Six Years On, First Bikepacking Trip: Justin's Bamboo Bike Keeps on Giving
Share
"Built six years ago and still feels like new. This was its first bikepacking foray and it performed fantastically."
Justin built a bamboo gravel bike with BBC in 2016. In 2020, he came back to share a four-year update in a widely-read blog post. In August 2022, he was back again — this time with a photograph from his bike's first bikepacking trip. Six years in service. Still performing.
The Six-Year Arc
A metal bike built in 2016 has no narrative arc. It exists. It ages. It may or may not still be running. Justin's bamboo bike has a story: it was built, it was ridden, it was checked up on at year four, it grew into a new kind of adventure in year six, and it performed fantastically. That is the lifecycle argument for bamboo that no aluminium or steel frame can make — because no other material comes with the same community relationship.
The Community Model
BBC actively maintains relationships with its makers. The blog check-in. The community posts. The invitation to share updates. Justin's six-year story exists not despite BBC's community model but because of it. Every check-in is data. Every update is evidence. Six years of real-world use, documented publicly, is worth more than any warranty claim.

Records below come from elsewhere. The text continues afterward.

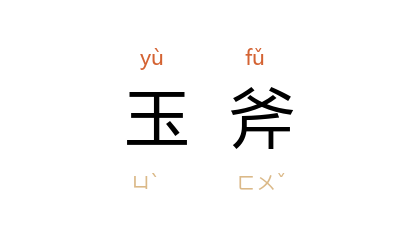 ⒈ 以玉饰柄的斧子。亦作为斧的美称。仙斧,神斧。喻媒人。人名。传说为仙人许翙的小字。
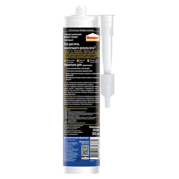 Высококачественный Силиконовый Санитарный герметик Момент Гермент идеален для герметизации и заполнения швов и стыков в помещениях с повышенной влажностью.
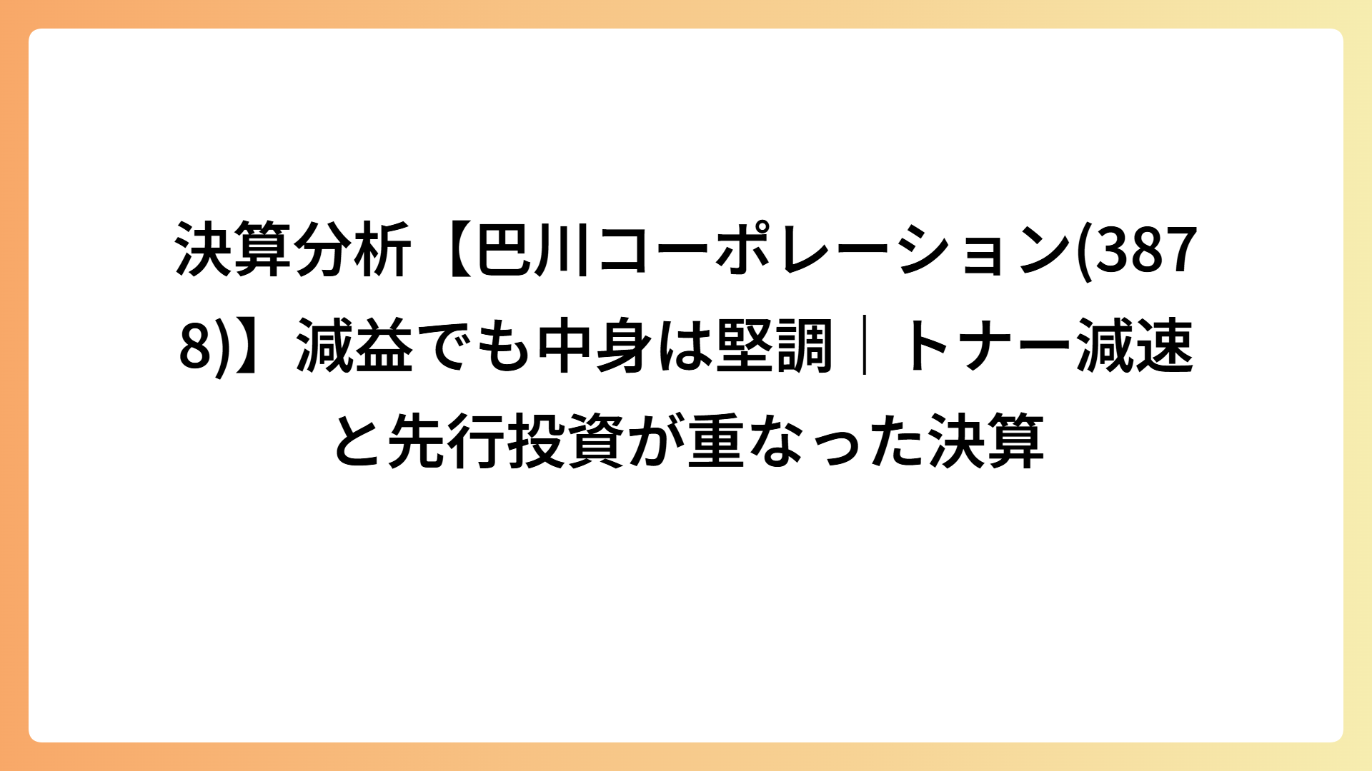 決算分析【巴川コーポレーション(3878)】減益でも中身は堅調|トナー減速と先行投資が重なった決算 2026.02.21 インフラ・エネルギー my-next-goal-is-fire ホワイト企業に転職できたので次はFIREを目指します
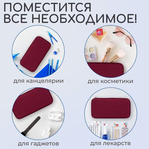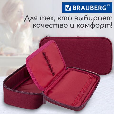 Пенал-косметичка BRAUBERG, 1 отделение, органайзер, полиэстер, 22x11,5x6 см, винный, 270845
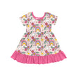 Pink short sleeves floral rainbow kids girls dresses
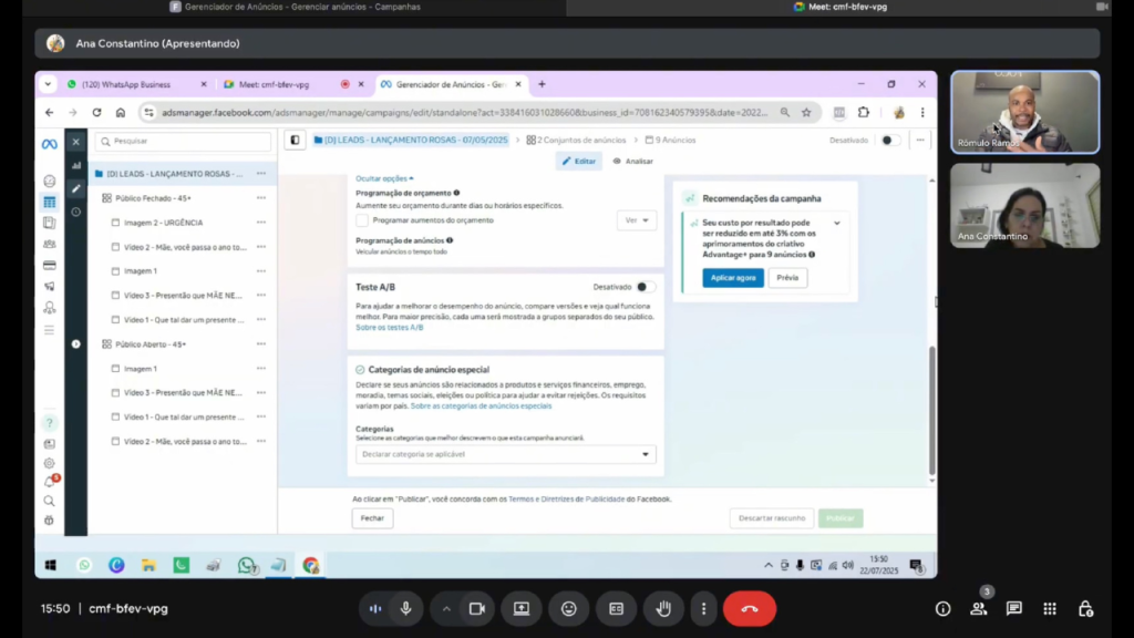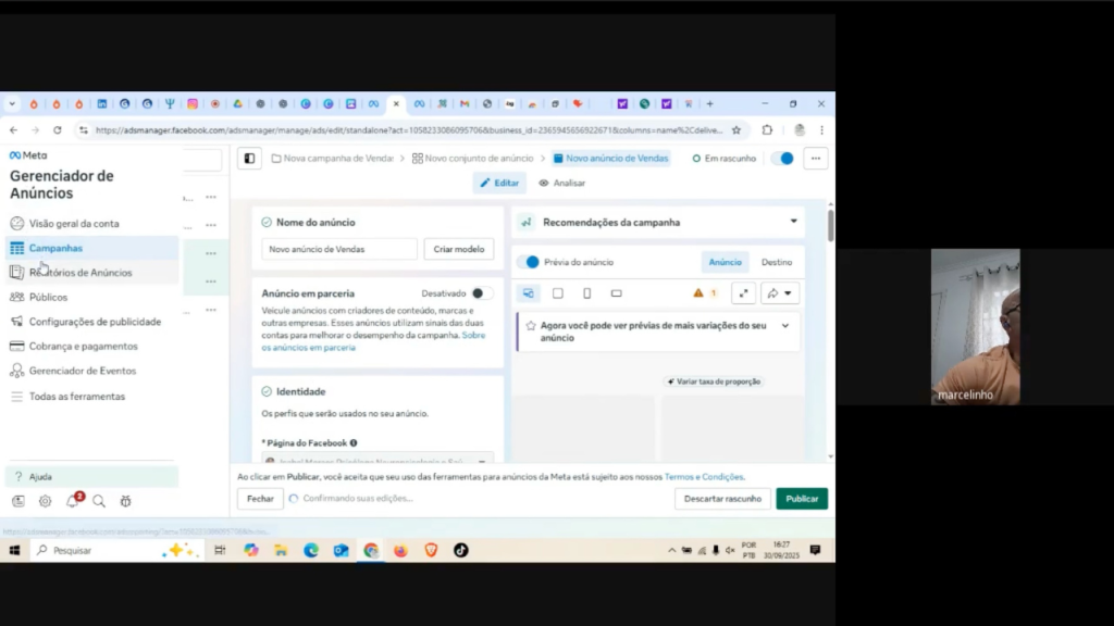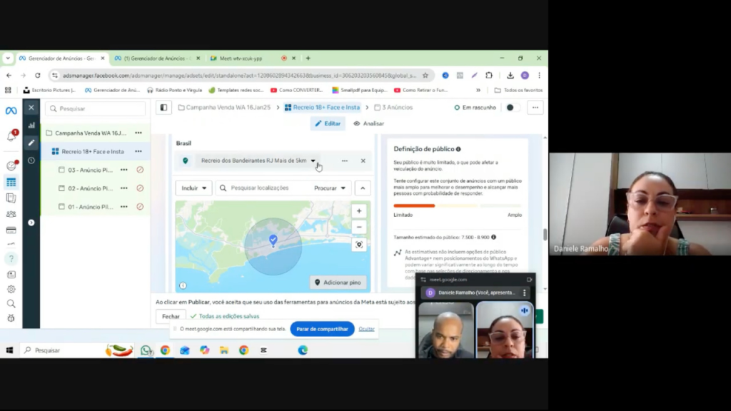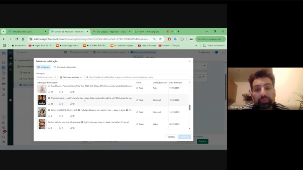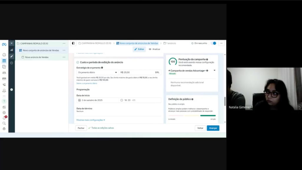 Não se preocupe. A nossa sessão via Google Meet será gravada na íntegra e o link será enviado para você. Assim, você poderá consultar cada clique e cada explicação estratégica sempre que precisar implementar algo novo.
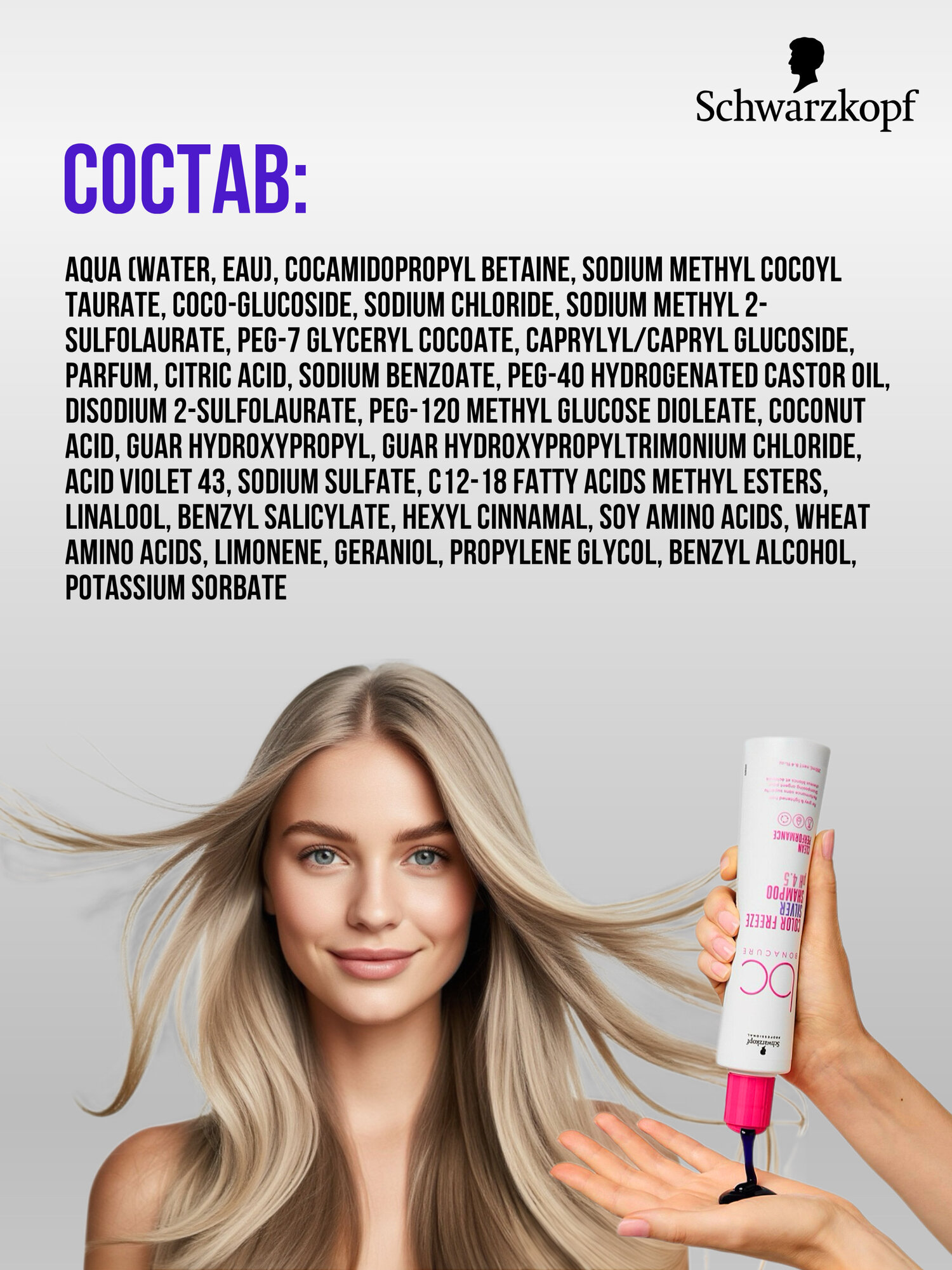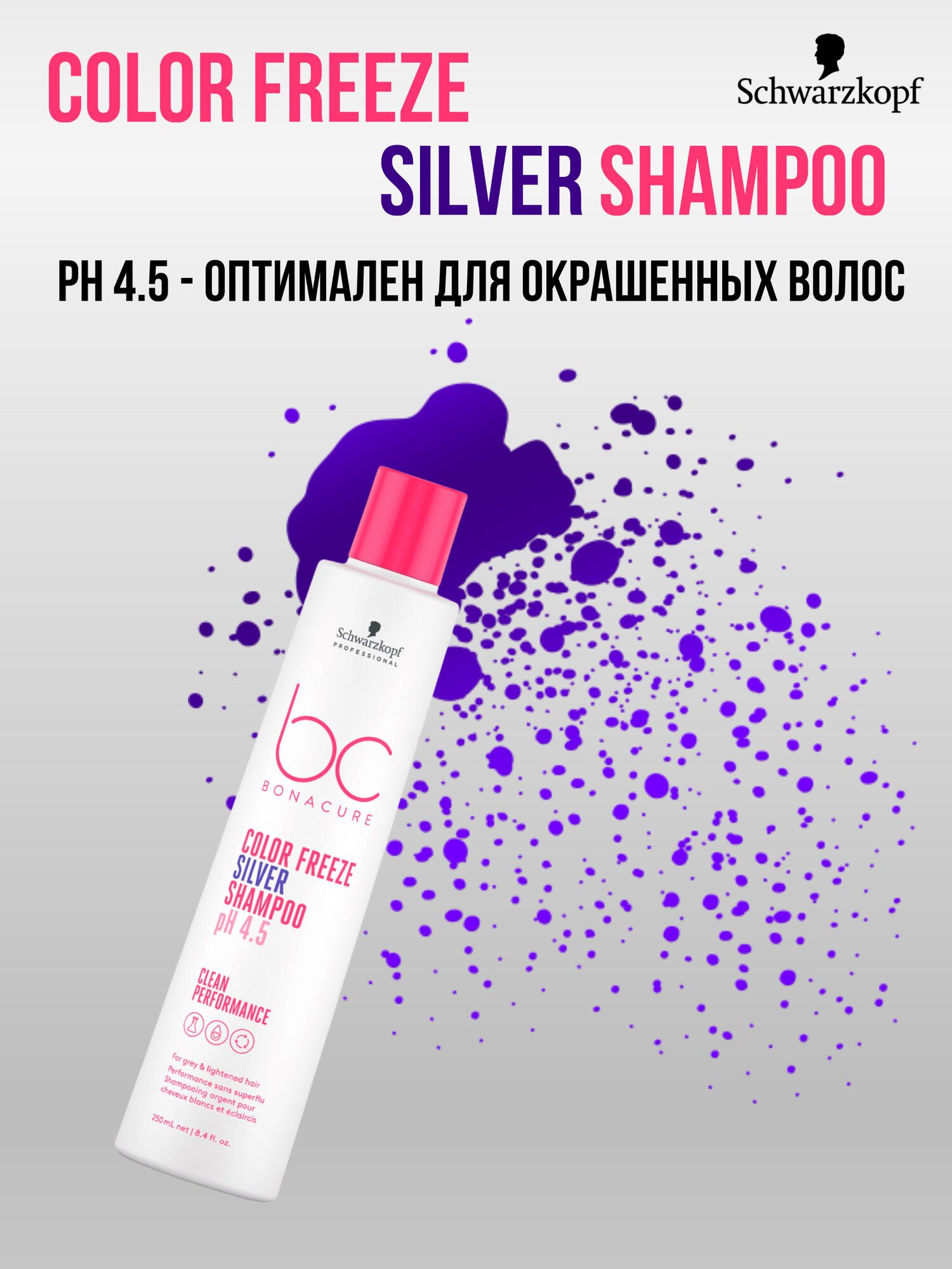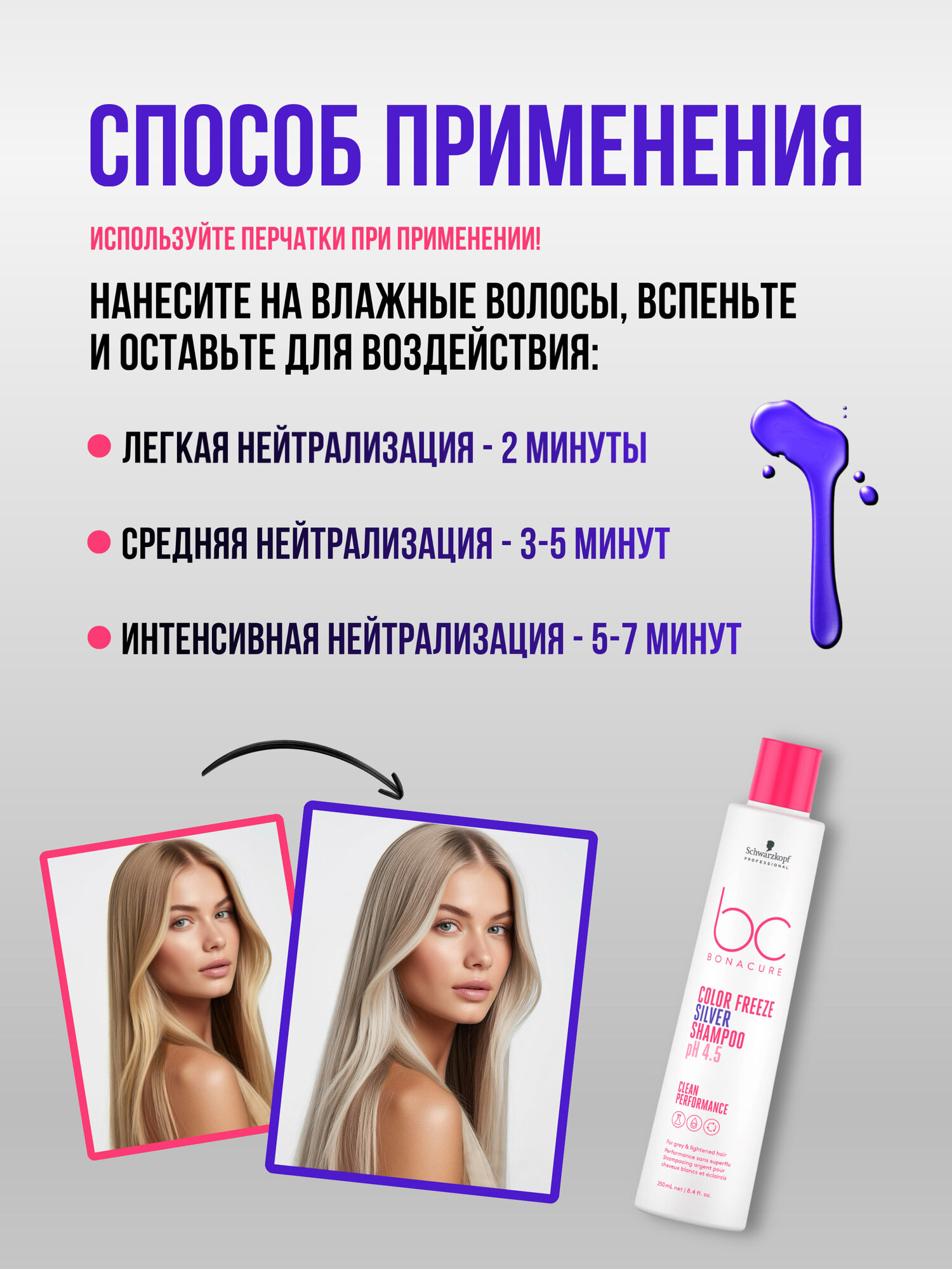 В процессе мытья головы специальные сине-фиолетовые пигменты обволакивают поверхность волоса, освежая или усиливая холодное направление тона. Ухаживающие ингредиенты помогают улучшить качество волос.

"Built six years ago and still feels like new. This was its first bikepacking foray and it performed fantastically."
— Justin, BBC Maker, August 2022
Outcomes
- Frame: 6 years in active service
- Year 6: first bikepacking trip — "performed fantastically"
- Zero frame failures across 6 years
- Blog feature at year 4: became one of BBC's most-read content pieces
- Long-term maker relationship maintained by BBC community model
The bike Justin built in 2016 is still taking him places in 2022. If the pattern holds, it will still be taking him places in 2026. That is not luck or exceptional maintenance. It is bamboo, epoxy, and a construction methodology refined over twelve years and 3,500+ frames.